--- START ---
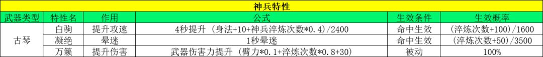 琴的特性,目前琴只有一个神兵,不需要计算重铸,但选择单一,以后有望增加新的琴类神兵。
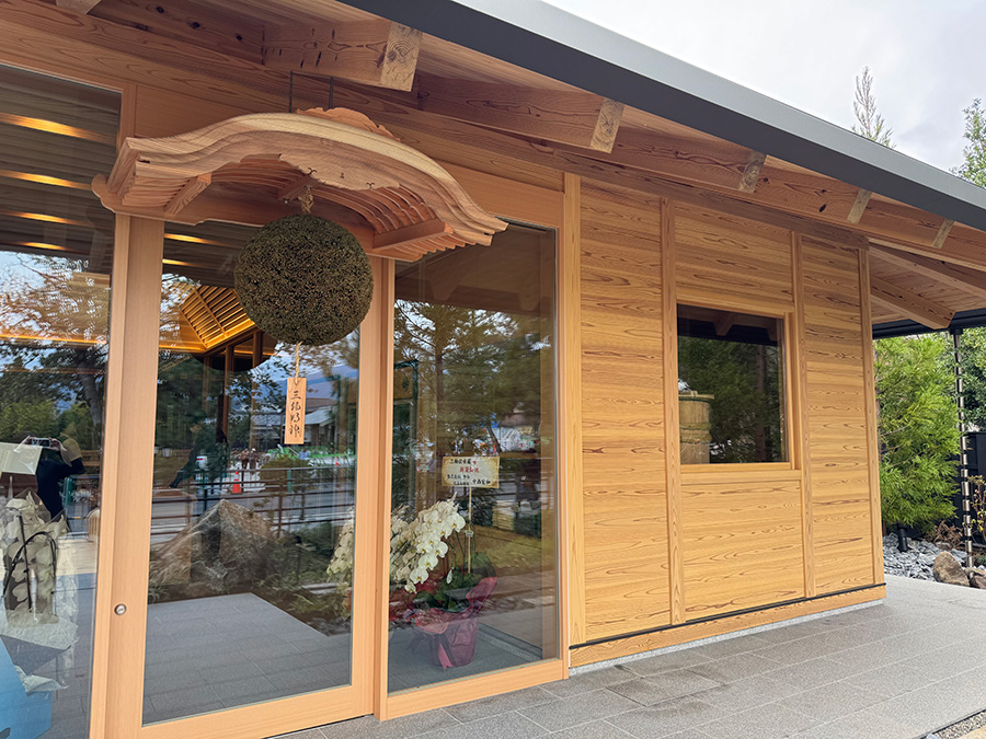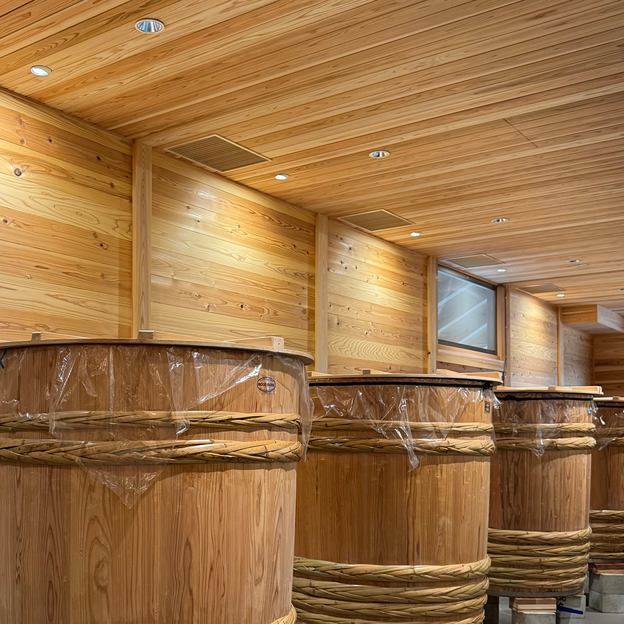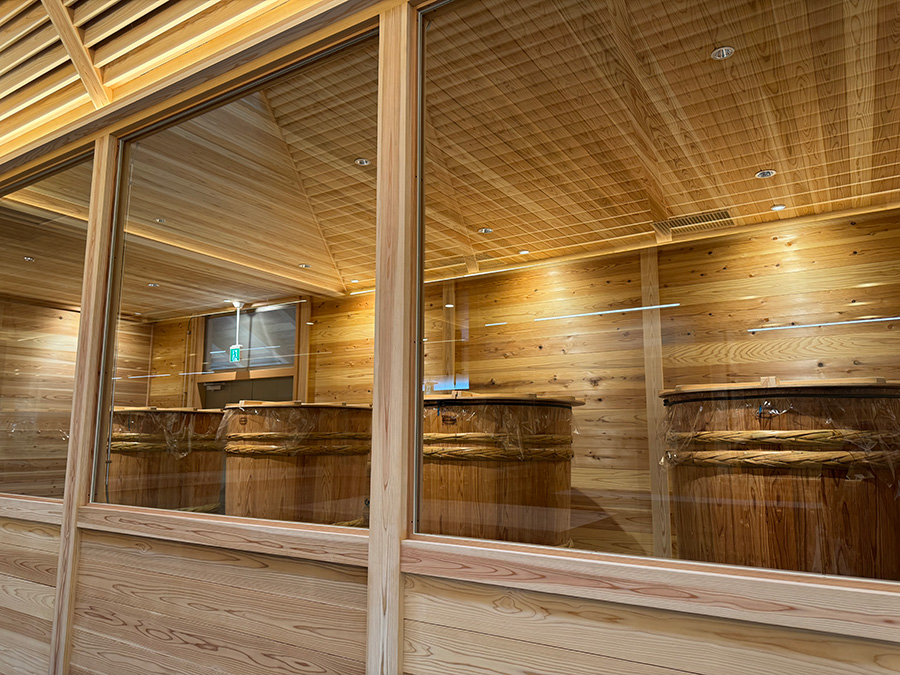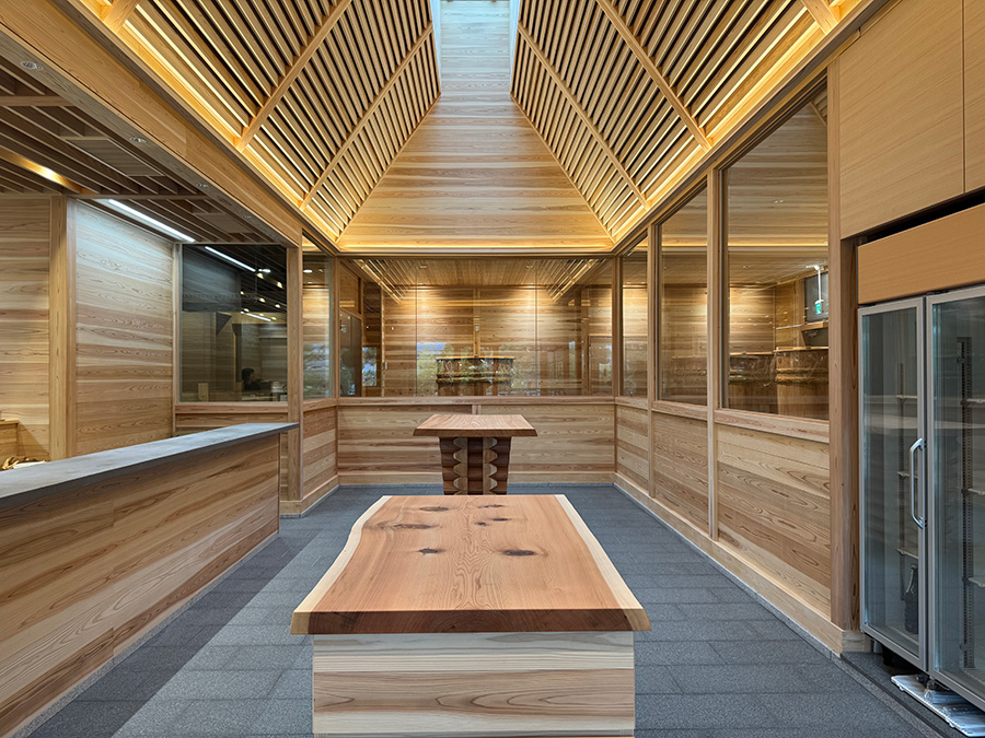 同社の代表的な銘柄「三諸杉」の名に相応しく、全てに吉野杉が使われた木造建築で、外装は板倉造り、内装は校倉造り、屋根の軒先には桔木構造を採用するなど、日本の伝統的な宮大工の技が結集した建物となっています。
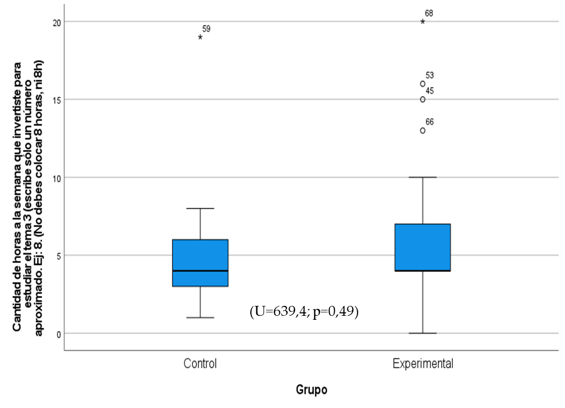 Si se tiene en cuenta el número de horas promedio por semanas invertidas para el estudio de la asignatura por ambos métodos, los estudiantes del grupo control invirtieron un promedio de 4,81 horas semanales para el estudio de la asignatura con un IC95% (3,81; 5,81) y SD de 2,89. Resultados similares a los obtenidos por los estudiantes del grupo experimental de 5,92 horas semanales como promedio, IC95% (4,53; 7,31) y SD de 4,44. No existen diferencias significativas entre ambos grupos (U=639,4; p=0,49). (figura 2)
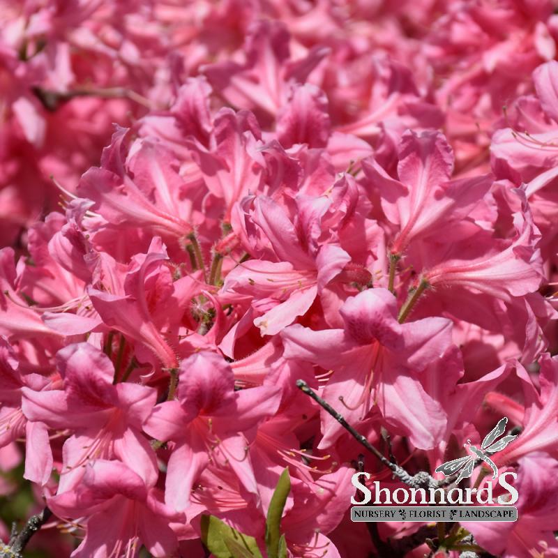 A deciduous azalea with vibrant, prolific rosy-pink blooms.
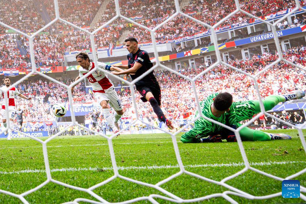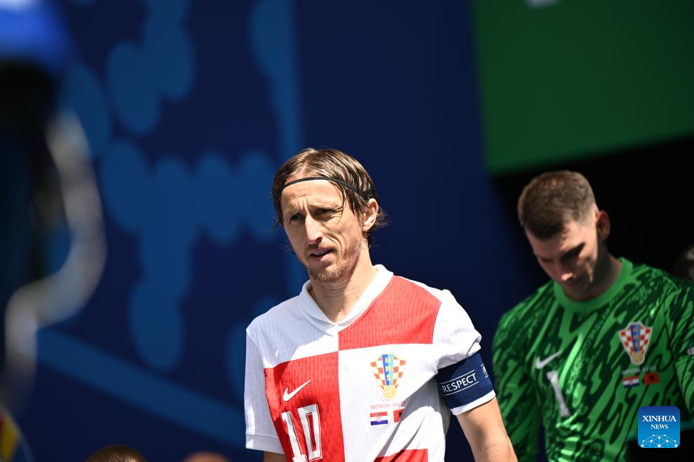 HAMBURGO, 19 junio, 2024 (Xinhua) -- Luka Modric (c), de Croacia, reacciona durante el partido correspondiente al Grupo B de la EURO 2024 de la UEFA entre Croacia y Albania, en Hamburgo, Alemania, el 19 de junio de 2024. (Xinhua/Xiao Yijiu)
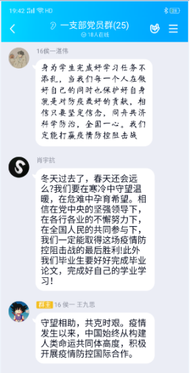 “珍惜当下,体味生命的温度;努力上进,增加生命的厚度”“愿山河无恙,致敬抗疫一线的英雄”,员工四支部19位员工党员借助笔和纸,用最常见却最温情的方式道出心声,表达青年学子身体力行、防疫有我的必胜决心,用朴实的语言表明自己居家防疫、做好线上学习的坚定态度。员工一支部、二支部在支部书记的号召下,通过QQ群,开展了“我为抗疫英雄献花”的云献花活动,支部党员全员参与,在云端寄托员工党员对抗疫英雄们的哀思和感激之情。
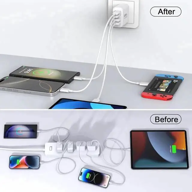 ![Alt view image 5 of 7 - USB C Charger Block, [2 Pack] 40W 4 Ports Type C Charger Fast Charging Cubes PD+QC 3.0 Power Adapter Multiport Brick Type C Box Compatible for iPhone 16/15/14/13/12/11 Pro Max, Android Phones](https://c1.neweggimages.com/productimage/nb640/C1E6S251012036RA290.jpg)
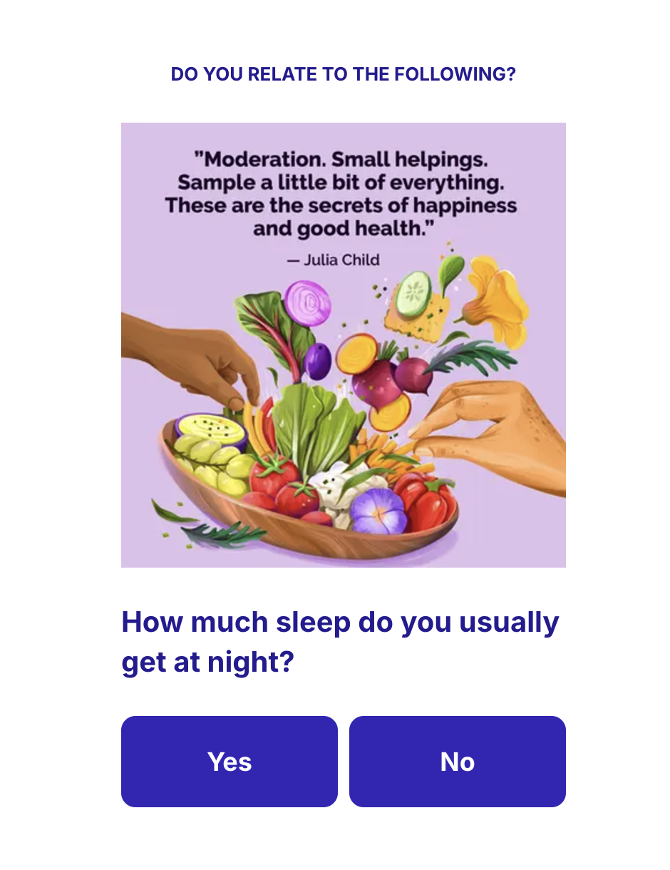 The yesNoQuestion is a special question template that represents a question with binary CTA. It includes intro text, image and title, a template should include at least one of the previous properties.
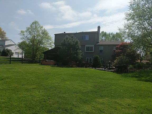 New roof 2018, new siding 2017, new electric heat pump 2016, new hot water heater 2018, stone patio, covered with metal roofing and barn wood posts and beams, large fire pit area. 2 car garage, driveway paved 2016, floor to ceiling stone wood burning fireplace in living room 2016, see through gas fireplace (new ventless insert 2016) in between kitchen and family room. Finished basement with bar, additional kitchen in basement with cabinets, sink, stove, dishwasher, full bathroom in basement. Basement is walk out with 2 sets of sliding doors, so with all that could serve as in law suite. Master bedroom suite, his and her sinks, dressing area, walk in shower, large walk in closet. Ktichen with granite counter tops.
--- END ---
> What you need to do
Please, without any of the pictures, set down exactly the lines from the beginning of the listing to the line that contains "view image 5", inclusive.

> Response to this task
 琴的特性,目前琴只有一个神兵,不需要计算重铸,但选择单一,以后有望增加新的琴类神兵。
 同社の代表的な銘柄「三諸杉」の名に相応しく、全てに吉野杉が使われた木造建築で、外装は板倉造り、内装は校倉造り、屋根の軒先には桔木構造を採用するなど、日本の伝統的な宮大工の技が結集した建物となっています。
 Si se tiene en cuenta el número de horas promedio por semanas invertidas para el estudio de la asignatura por ambos métodos, los estudiantes del grupo control invirtieron un promedio de 4,81 horas semanales para el estudio de la asignatura con un IC95% (3,81; 5,81) y SD de 2,89. Resultados similares a los obtenidos por los estudiantes del grupo experimental de 5,92 horas semanales como promedio, IC95% (4,53; 7,31) y SD de 4,44. No existen diferencias significativas entre ambos grupos (U=639,4; p=0,49). (figura 2)
 A deciduous azalea with vibrant, prolific rosy-pink blooms.
 HAMBURGO, 19 junio, 2024 (Xinhua) -- Luka Modric (c), de Croacia, reacciona durante el partido correspondiente al Grupo B de la EURO 2024 de la UEFA entre Croacia y Albania, en Hamburgo, Alemania, el 19 de junio de 2024. (Xinhua/Xiao Yijiu)
 “珍惜当下,体味生命的温度;努力上进,增加生命的厚度”“愿山河无恙,致敬抗疫一线的英雄”,员工四支部19位员工党员借助笔和纸,用最常见却最温情的方式道出心声,表达青年学子身体力行、防疫有我的必胜决心,用朴实的语言表明自己居家防疫、做好线上学习的坚定态度。员工一支部、二支部在支部书记的号召下,通过QQ群,开展了“我为抗疫英雄献花”的云献花活动,支部党员全员参与,在云端寄托员工党员对抗疫英雄们的哀思和感激之情。
 ![Alt view image 5 of 7 - USB C Charger Block, [2 Pack] 40W 4 Ports Type C Charger Fast Charging Cubes PD+QC 3.0 Power Adapter Multiport Brick Type C Box Compatible for iPhone 16/15/14/13/12/11 Pro Max, Android Phones](https://c1.neweggimages.com/productimage/nb640/C1E6S251012036RA290.jpg)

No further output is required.